■ Task description ■
Copy the lines below word for word, skipping any image.
(Extracted entries Opens)
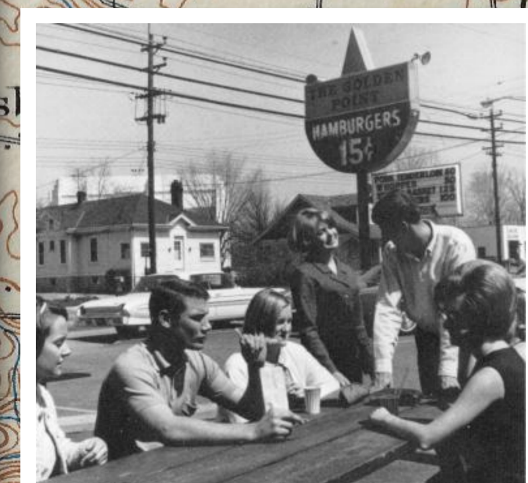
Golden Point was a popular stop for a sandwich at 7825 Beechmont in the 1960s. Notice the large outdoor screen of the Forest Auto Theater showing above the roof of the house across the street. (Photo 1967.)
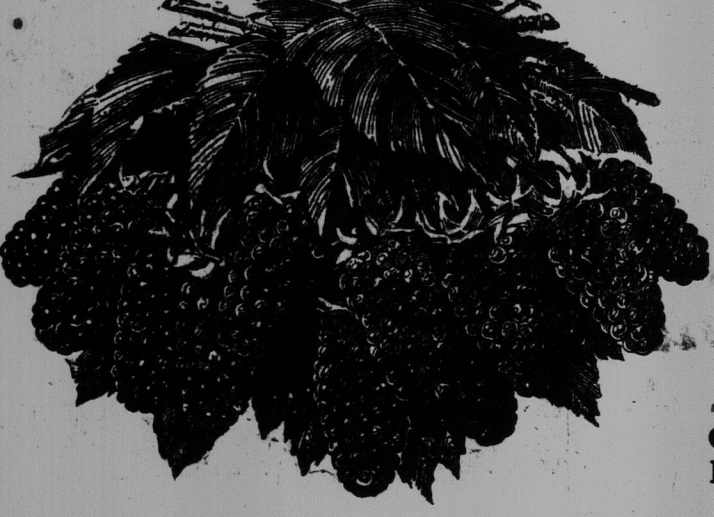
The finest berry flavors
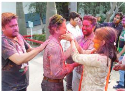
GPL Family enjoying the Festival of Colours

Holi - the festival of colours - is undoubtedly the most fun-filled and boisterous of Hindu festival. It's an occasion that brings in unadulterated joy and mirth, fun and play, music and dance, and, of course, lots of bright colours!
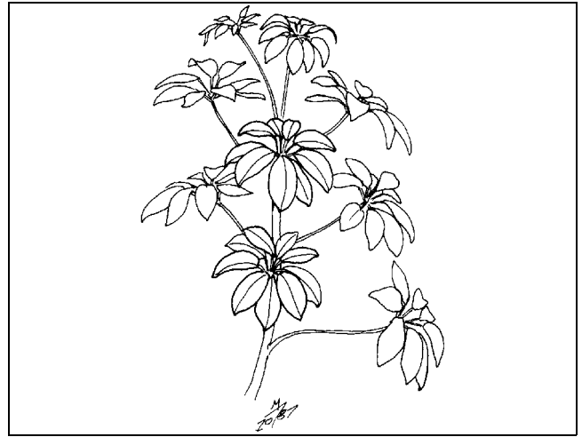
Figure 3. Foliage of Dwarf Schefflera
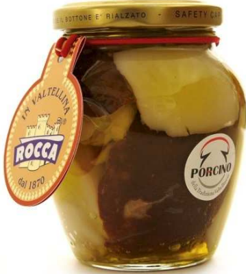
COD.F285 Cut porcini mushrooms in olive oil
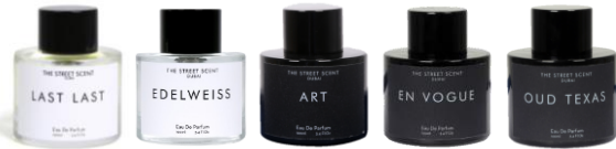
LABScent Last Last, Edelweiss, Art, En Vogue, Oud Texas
(Extracted entries Closes)
■ Written solution ■
Golden Point was a popular stop for a sandwich at 7825 Beechmont in the 1960s. Notice the large outdoor screen of the Forest Auto Theater showing above the roof of the house across the street. (Photo 1967.)
The finest berry flavors
GPL Family enjoying the Festival of Colours

Holi - the festival of colours - is undoubtedly the most fun-filled and boisterous of Hindu festival. It's an occasion that brings in unadulterated joy and mirth, fun and play, music and dance, and, of course, lots of bright colours!
Figure 3. Foliage of Dwarf Schefflera
COD.F285 Cut porcini mushrooms in olive oil
LABScent Last Last, Edelweiss, Art, En Vogue, Oud Texas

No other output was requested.